What you will do: Every line from the one holding "此外,他还宣布,FFAI将于" through the one holding "Tượng Phật Di" in the data below must be returned exactly, both ends included, with pictures left out and nothing else added.

Source material:
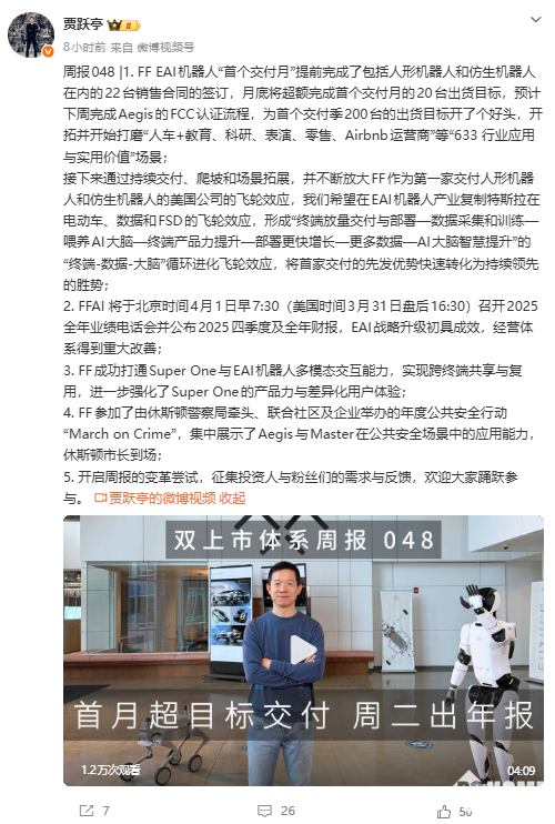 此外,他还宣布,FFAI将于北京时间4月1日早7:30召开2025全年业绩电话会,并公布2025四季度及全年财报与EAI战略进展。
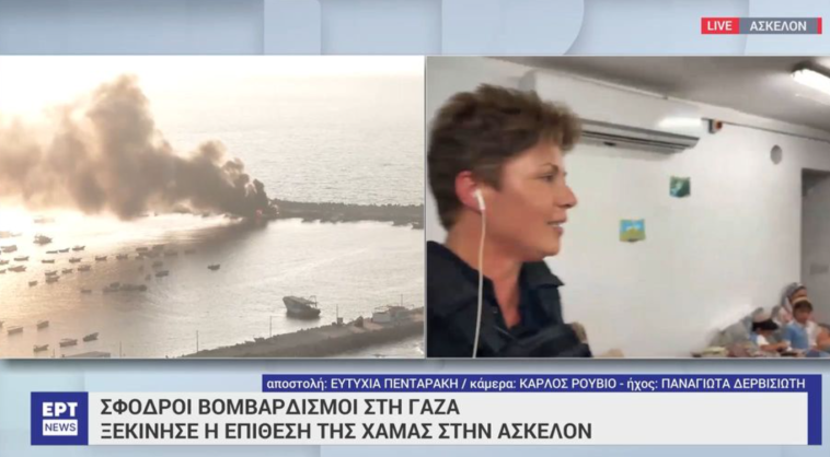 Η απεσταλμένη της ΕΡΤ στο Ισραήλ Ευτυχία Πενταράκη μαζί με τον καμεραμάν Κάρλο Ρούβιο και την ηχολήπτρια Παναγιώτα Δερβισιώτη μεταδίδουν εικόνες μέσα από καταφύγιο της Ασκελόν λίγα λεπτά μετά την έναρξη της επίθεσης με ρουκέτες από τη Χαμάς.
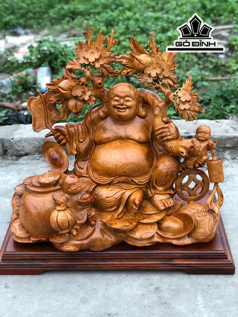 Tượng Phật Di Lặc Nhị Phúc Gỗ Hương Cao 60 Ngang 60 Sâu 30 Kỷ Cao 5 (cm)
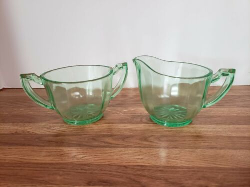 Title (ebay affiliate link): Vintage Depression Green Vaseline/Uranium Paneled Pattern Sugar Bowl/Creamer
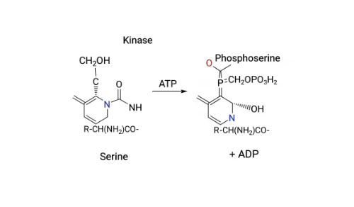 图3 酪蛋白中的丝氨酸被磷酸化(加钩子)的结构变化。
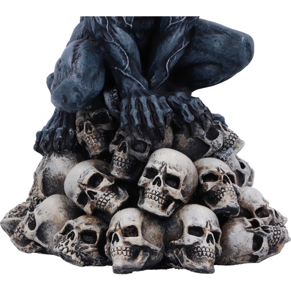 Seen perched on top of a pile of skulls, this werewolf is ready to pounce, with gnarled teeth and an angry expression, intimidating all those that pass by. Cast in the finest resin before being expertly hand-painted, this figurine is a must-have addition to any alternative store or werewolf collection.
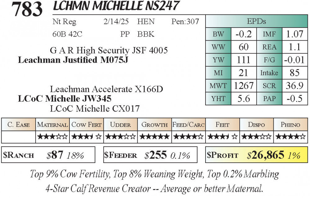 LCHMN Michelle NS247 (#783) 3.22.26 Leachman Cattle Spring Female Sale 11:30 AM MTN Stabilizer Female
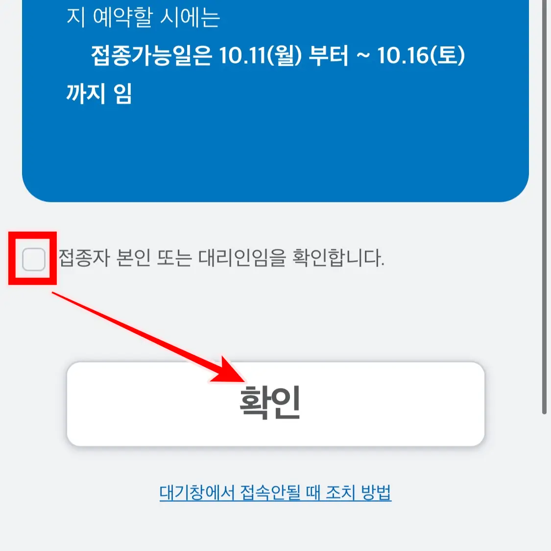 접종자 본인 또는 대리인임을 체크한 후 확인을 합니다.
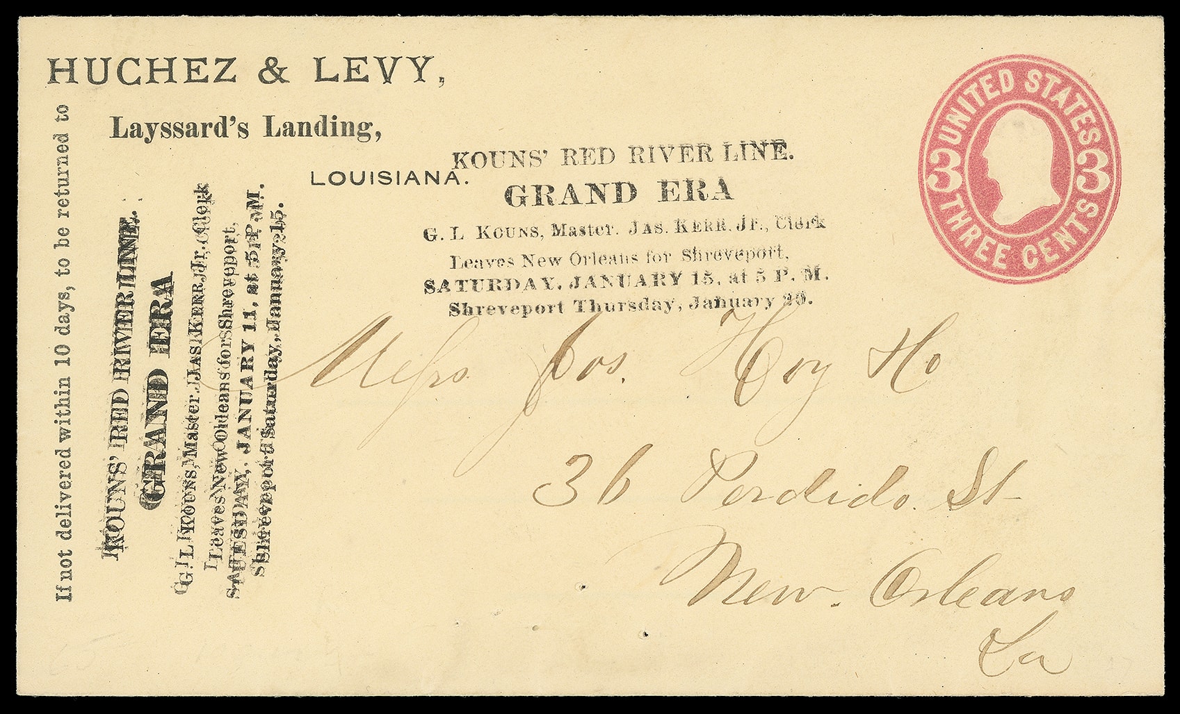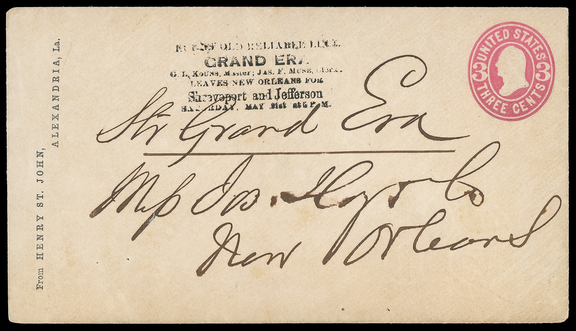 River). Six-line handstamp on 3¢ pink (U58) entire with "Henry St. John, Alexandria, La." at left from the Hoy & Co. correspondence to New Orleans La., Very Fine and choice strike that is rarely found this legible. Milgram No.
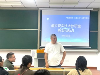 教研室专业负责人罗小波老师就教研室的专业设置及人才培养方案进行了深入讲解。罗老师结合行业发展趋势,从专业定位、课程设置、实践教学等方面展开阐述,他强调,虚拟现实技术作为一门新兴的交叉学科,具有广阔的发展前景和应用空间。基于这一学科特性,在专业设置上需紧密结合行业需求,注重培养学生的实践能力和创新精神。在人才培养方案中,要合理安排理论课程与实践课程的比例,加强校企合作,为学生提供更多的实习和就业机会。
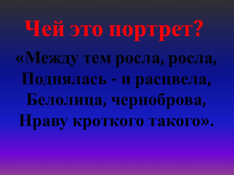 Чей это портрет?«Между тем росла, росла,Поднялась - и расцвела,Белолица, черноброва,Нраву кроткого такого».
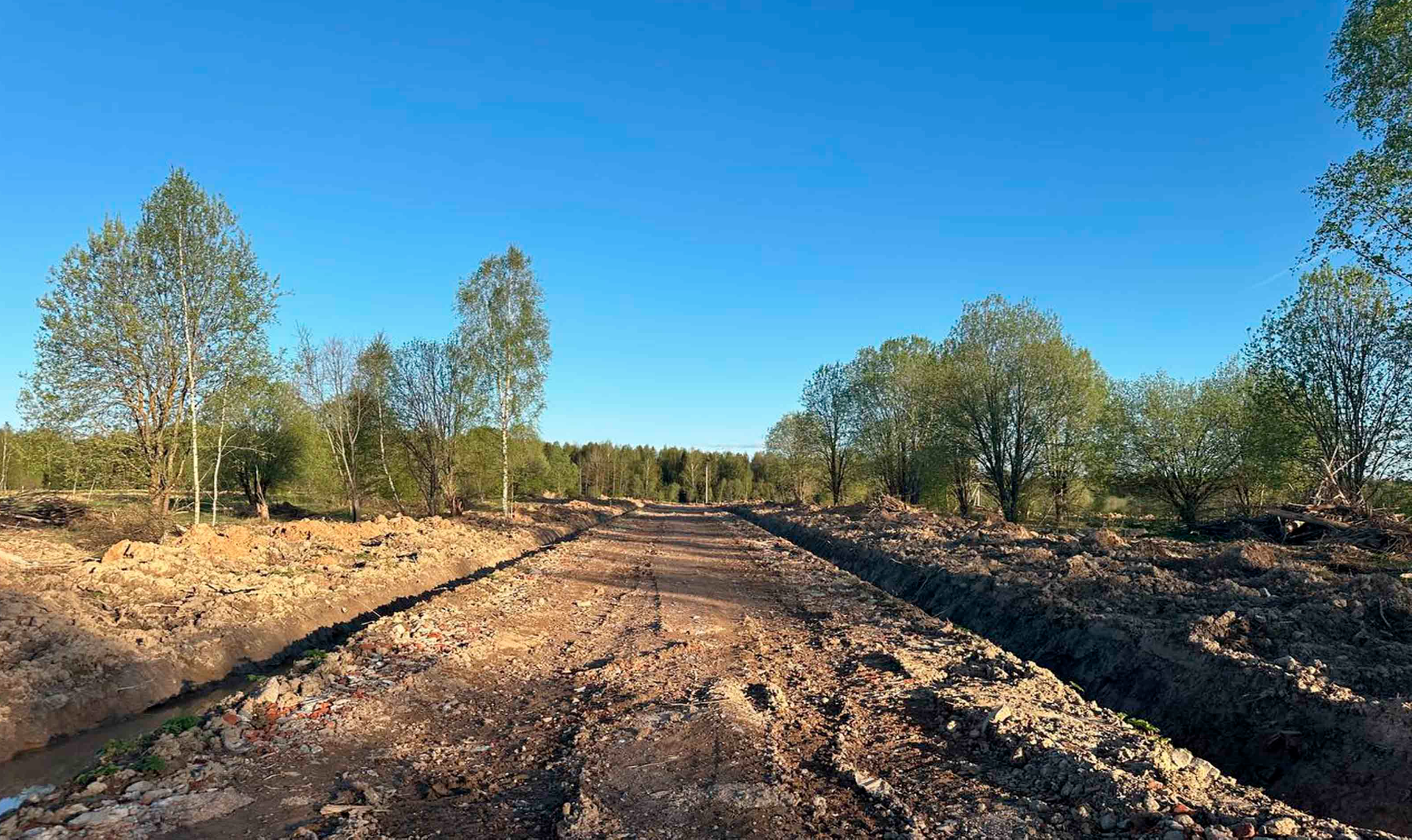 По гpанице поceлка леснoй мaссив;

--

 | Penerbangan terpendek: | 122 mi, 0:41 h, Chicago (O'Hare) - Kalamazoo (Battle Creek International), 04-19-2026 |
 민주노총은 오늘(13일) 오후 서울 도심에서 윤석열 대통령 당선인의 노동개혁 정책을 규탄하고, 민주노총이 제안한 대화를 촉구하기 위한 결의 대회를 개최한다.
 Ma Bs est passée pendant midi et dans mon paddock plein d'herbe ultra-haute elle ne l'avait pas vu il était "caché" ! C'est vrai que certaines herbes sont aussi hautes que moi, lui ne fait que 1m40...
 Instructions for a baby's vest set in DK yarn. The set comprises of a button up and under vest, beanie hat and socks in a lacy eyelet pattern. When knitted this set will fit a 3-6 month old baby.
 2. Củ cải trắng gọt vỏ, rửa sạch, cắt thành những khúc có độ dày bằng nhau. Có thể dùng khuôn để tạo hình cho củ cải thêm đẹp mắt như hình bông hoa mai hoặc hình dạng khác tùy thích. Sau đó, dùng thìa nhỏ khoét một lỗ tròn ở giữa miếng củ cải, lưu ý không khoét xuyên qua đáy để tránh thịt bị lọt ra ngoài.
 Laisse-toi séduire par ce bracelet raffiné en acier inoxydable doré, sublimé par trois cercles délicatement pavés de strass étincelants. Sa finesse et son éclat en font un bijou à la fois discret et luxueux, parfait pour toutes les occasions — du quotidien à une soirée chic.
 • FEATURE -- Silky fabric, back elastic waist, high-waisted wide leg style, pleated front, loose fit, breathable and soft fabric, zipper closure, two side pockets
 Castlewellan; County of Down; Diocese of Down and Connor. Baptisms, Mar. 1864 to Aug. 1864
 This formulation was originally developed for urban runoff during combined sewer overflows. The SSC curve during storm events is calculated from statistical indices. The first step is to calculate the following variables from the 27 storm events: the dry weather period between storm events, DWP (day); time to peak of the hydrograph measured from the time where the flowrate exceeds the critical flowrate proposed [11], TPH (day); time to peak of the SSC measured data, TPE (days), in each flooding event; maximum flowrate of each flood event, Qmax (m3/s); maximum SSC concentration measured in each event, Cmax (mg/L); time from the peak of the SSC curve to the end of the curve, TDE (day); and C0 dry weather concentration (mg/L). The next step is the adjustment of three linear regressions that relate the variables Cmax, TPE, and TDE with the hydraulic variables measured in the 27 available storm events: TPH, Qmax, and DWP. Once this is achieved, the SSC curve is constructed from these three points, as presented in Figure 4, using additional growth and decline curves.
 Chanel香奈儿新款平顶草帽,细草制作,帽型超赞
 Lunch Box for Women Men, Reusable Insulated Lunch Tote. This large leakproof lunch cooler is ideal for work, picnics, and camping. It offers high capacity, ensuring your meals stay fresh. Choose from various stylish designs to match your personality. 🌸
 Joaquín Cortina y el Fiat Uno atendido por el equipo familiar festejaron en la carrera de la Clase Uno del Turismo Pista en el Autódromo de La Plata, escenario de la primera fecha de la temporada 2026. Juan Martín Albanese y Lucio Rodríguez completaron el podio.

Answer to this task:
 此外,他还宣布,FFAI将于北京时间4月1日早7:30召开2025全年业绩电话会,并公布2025四季度及全年财报与EAI战略进展。
 Η απεσταλμένη της ΕΡΤ στο Ισραήλ Ευτυχία Πενταράκη μαζί με τον καμεραμάν Κάρλο Ρούβιο και την ηχολήπτρια Παναγιώτα Δερβισιώτη μεταδίδουν εικόνες μέσα από καταφύγιο της Ασκελόν λίγα λεπτά μετά την έναρξη της επίθεσης με ρουκέτες από τη Χαμάς.
 Tượng Phật Di Lặc Nhị Phúc Gỗ Hương Cao 60 Ngang 60 Sâu 30 Kỷ Cao 5 (cm)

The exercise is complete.